The Harley-Davidson Electra Glide Sport (FLHS) debuted in 1977 as a basic, low cost version of the venerable Electra Glide. With a stock 74 cubic inch Shovelhead engine, the late-70’s FLHS had no windshield, saddle bags or luggage racks. According to Rick Conner’s Harley-Davidson Data Book . The FLHS first appeared as a limited edition, one-year-only version of the FLH.
Whether or not the factory’s original intent was to limit production to one year only, the model continued into the next year at least, as evidenced by H-D’s own 1999 calendar which shows a 1978 FLHS.
After it’s initial limited production run, it is unclear whether or not there was such a thing as a 1979 FLHS. By 1980, the model was either continued or reinstated.
The 1981 version was unique in that it had dual staggered pipes, forward controls, pull-back handlebars and an FX style stepped seat. Click here for an ad for the ’81 FLHS taken from the Spring, 1981 H-D Enthusiast. Thanks to Jeff Taylor for sending the ad, along with several of the other promo pictures you see here.

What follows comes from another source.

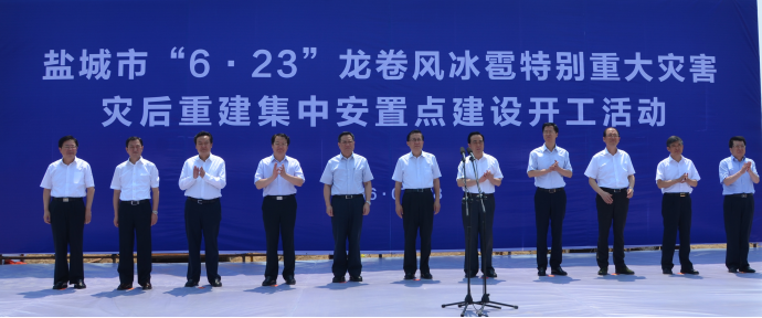 7月28日上午10:30,盐城市“6•23”龙卷风冰雹特别重大灾害灾后重建工作动员大会暨集中安置点建设开工活动在阜宁计桥举行。届时市委书记、市人大常委会主任朱克江,市长、市灾后重建指挥部指挥长王荣平,市政协主席李驰等领导人出席会议并作重要讲话。晟功集团作为灾后重建项目的施工单位,在朱文亮董事长的带领下,共有120名工作人员参与了本次活动。 朱克江指出,要以高度的政治自觉,深刻领会并贯彻落实省委省政府主要领导重要批示精神,切实打好灾后重建硬仗,让灾区展新貌、群众得实惠,真正做到让省委省政府放心,让灾区群众满意。在集中安置点建设现场,朱克江、王荣平等亲切看望慰问了我司的工程建设者,并送来了大量的防暑降温物品,要求继续坚持以“质量为本、安全第一”的理念,扎实推进集中安置点建设,安全高效完成各项工作。 在今后的建设过程中,晟功集团一定不负各级领导和群众的殷切期望,大力弘扬救灾精神,切实增强责任意识,始终秉承我集团“立企以德、惠及万家”的发展宗旨,把好安全质量关,扎实推进建设工作,确保如期建成一批布局合理、设施完善、特色鲜明、环境优美的农村新社区!

By 1982, the FLHS was back to saddlebags, floorboards, standard FLH seats and standard cross-over headers, making the ’81 FLHS a rare and unique ride.
In 1987, a third version of the Electra Glide Sport was introduced with an 80 cubic inch Evolution engine, saddlebags and a luggage rack. Where the FLHS differed from the rest of the Electra glide line was in its use of a windshield instead of the fairing used on all other FLHs. Also, the FLHS had no tour pack. This model was basically a civilian version of Harley’s Police Electra Glide, the FLHTP.
In the early 1990s, as Harley opted toward more chrome on it’s models, the FLHS remained chrome less, further setting it off from the rest of the Electra Glide line. From 1987 until 1993, the FLHS was Harley’s only classic/retro, pseudo-50’s-60’s style, swing-arm-suspension touring bike.
In 1993, the last model year for the FLHS Electra Glide Sport, the battery was moved from the right side to under the seat on all FLH models. This and the fact that the oil reservoir was moved to under the transmission increased the saddlebag capacity by 15% and streamlined the right side of the bike. In 1994, the model was re-vamped as the Roadking (FLHR). Changes from ’93 FLHS to ’94 FLHR:
Chrome primary, rocker box covers, cam cover and transmission cover
New, retro-style chrome headlight housing
Speedometer and dash moved from fork/handlebar assembly to gas tank
Elimination of tachometer
Wrinkle black engine paint
Lost Electra Glide name
New seat with Fatboy style passenger perch
Wider, Fatboy style handlebars
Elimination of stock passenger back-rest and luggage rack assembly, which became additional cost options with the Roadking
Elimination of luggage rack base and relocation of rear seat bolt attachment point from base to top of rear fender
$1,775 higher MSRP
Otherwise, the older Electra Glide Sport shares the same rubber mounted engine and exact same beefed-up FXR-style frame as the ’94-’96 Roadking, in addition to being the precursor to the Roadking’s retro styling.
Note: In 1997, all FLH models received a redesigned, lowered-seat-height frame. While not visibly obvious, this change becomes an advantage when in the saddle, especially for riders of not-tall stature who wish to put both feet flat on the ground when stopped. In 1999, all FLH models received the new 88-inch Twin Cam motor, which did not require any major frame redesign.
Today the FLHS is a thing of the past, squeezed out by the high end (and high dollar) Road King. The budget end of Harley’s Electra Glide line has been replaced with the Electra Glide Standard (FLHT), a fairing equipped bike and a great value in it’s own right. But those looking to acquire a modern-day equivalent of the Electraglide Sport could do worse than to find a retired Police Roadking (FLHRP).
The carburetor models have brushed aluminum engines and can often be found with under 20,000 miles for a reasonable price in towns where they are used.